Stimulus legislation is almost always bad because (a) it comes too late, and (b) it becomes a political excuse to throw dollars around to targeted voters, without regard to the actual merits of the policy. In 2001, we got the first supposed stimulus legislation that was actually timely, but this was because Bush had already decided to do it back in 1999 (to fight off Steve Forbes), and calling it stimulus was merely a change in rationale. Even so, the 2001 tax cuts had virtually nothing to do with what actual stimulus legislation would look like. Rather than giving money to poor people who are more inclined to spend it and/or inducing businesses to increase their activity today, its rationale went purely to long-term structural reform of the system (on which grounds there would have been a case for it but for its fiscal unsustainability, although this is a bit like saying there would be a case for taking arsenic to kill stomach tumors except for the side effects).

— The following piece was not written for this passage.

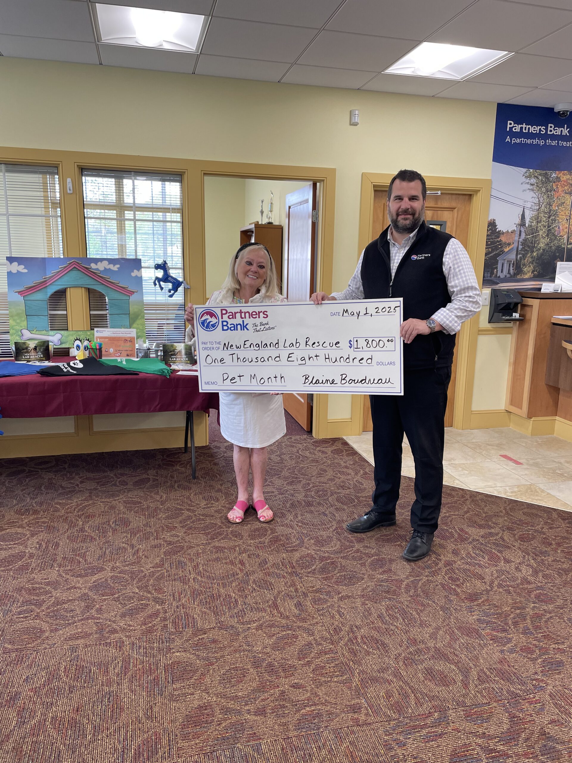 Sanford, ME – In honor of National Pet Month in May, Partners Bank is donating $30,000 to local animal rescues in each community they serve:

Anyway, back to the main point. Politicians are now foaming at the mouth to do these things, both as a way of pandering to voters by mailing them checks and to avoid being blamed or looking like they don't care. The fact that Bush and the Democrats agreed to make a deal on this shows how hungry they are to do something, given how they usually interact.

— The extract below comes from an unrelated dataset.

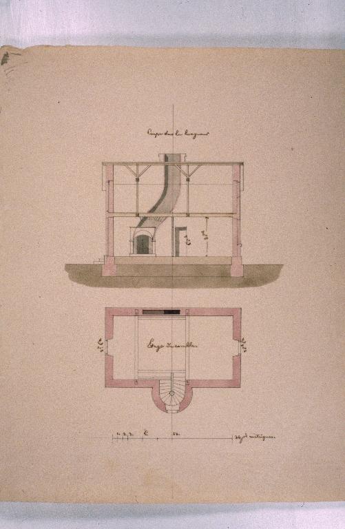 Pavillon d'entrée du château de Largentaye : vue en coupe et plan au sol du premier étageImmatriculation

So what they're doing, the investment incentives aside, is mailing people a bunch of checks several months from now, when it will be too late if there actually is a recession. Why not wait a few months until October, for perfect pre-election timing? Although the Democrats got a small concession or two from Bush on the distribution of the tax cut, it will still be going to people who in general are probably unlikely to spend much more at the margin by reason of getting these little one-time checks.

Does anyone want to offer a guess on whether they will rescind the check-writing program if it turns out by June that we don't have a recession after all?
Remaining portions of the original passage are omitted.